9. Mean Deviation about the Mean ($\bar{x}$)
| Class Interval | Midpoint ($x_i$) | $f_i$ | $f_i x_i$ | $|x_i – \bar{x}|$ | $f_i|x_i – \bar{x}|$ |
| :—: | :—: | :—: | :—: | :—: | :—: |
| 0-100 | 50 | 4 | 200 | 350 | 1400 |
| 100-200 | 150 | 8 | 1200 | 250 | 2000 |
| 200-300 | 250 | 9 | 2250 | 150 | 1350 |
| 300-400 | 350 | 10 | 3500 | 50 | 500 |
| 400-500 | 450 | 7 | 3150 | 50 | 350 |
| 500-600 | 550 | 5 | 2750 | 150 | 750 |
| 600-700 | 650 | 4 | 2600 | 250 | 1000 |
| 700-800 | 750 | 3 | 2250 | 350 | 1050 |
| Total | | $\sum f_i = 50$ | $\sum f_i x_i = 17900$ | | $\sum f_i|x_i – \bar{x}| = 8400$ |
- Calculate the Mean ($\bar{x}$):$$\bar{x} = \frac{\sum f_i x_i}{\sum f_i} = \frac{17900}{50} = 358$$
- Calculate $\text{MD}(\bar{x})$:$$\text{MD}(\bar{x}) = \frac{\sum f_i|x_i – \bar{x}|}{\sum f_i} = \frac{8400}{50} = \mathbf{168}$$
10. Mean Deviation about the Mean ($\bar{x}$)
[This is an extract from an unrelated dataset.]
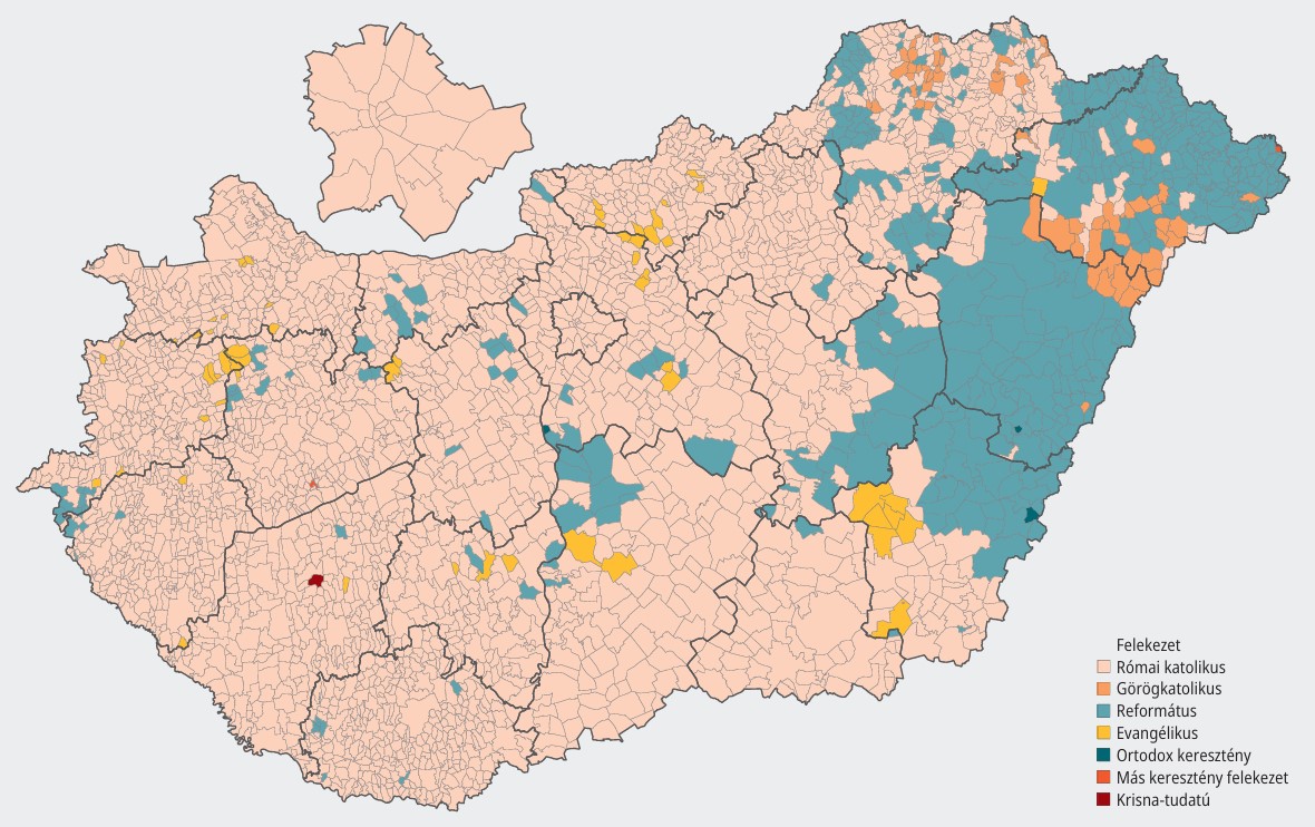 ElemzésekA legutóbbi népszámlálási adatok alapján az ország szinte minden településén a négy nagy lélekszámú keresztény felekezet valamelyike adja a legnépesebb vallási közösséget.

| Class Interval | Midpoint ($x_i$) | $f_i$ | $f_i x_i$ | $|x_i – \bar{x}|$ | $f_i|x_i – \bar{x}|$ |
| :—: | :—: | :—: | :—: | :—: | :—: |
| 95-105 | 100 | 9 | 900 | 25 | 225 |
| 105-115 | 110 | 13 | 1430 | 15 | 195 |
| 115-125 | 120 | 26 | 3120 | 5 | 130 |
| 125-135 | 130 | 30 | 3900 | 5 | 150 |
| 135-145 | 140 | 12 | 1680 | 15 | 180 |
| 145-155 | 150 | 10 | 1500 | 25 | 250 |
| Total | | $\sum f_i = 100$ | $\sum f_i x_i = 12530$ | | $\sum f_i|x_i – \bar{x}| = 1130$ |
- Calculate the Mean ($\bar{x}$):$$\bar{x} = \frac{\sum f_i x_i}{\sum f_i} = \frac{12530}{100} = 125.3$$
- Calculate $\text{MD}(\bar{x})$:$$\text{MD}(\bar{x}) = \frac{\sum f_i|x_i – \bar{x}|}{\sum f_i} = \frac{1130}{100} = \mathbf{11.3}$$
11. Mean Deviation about the Median ($M$)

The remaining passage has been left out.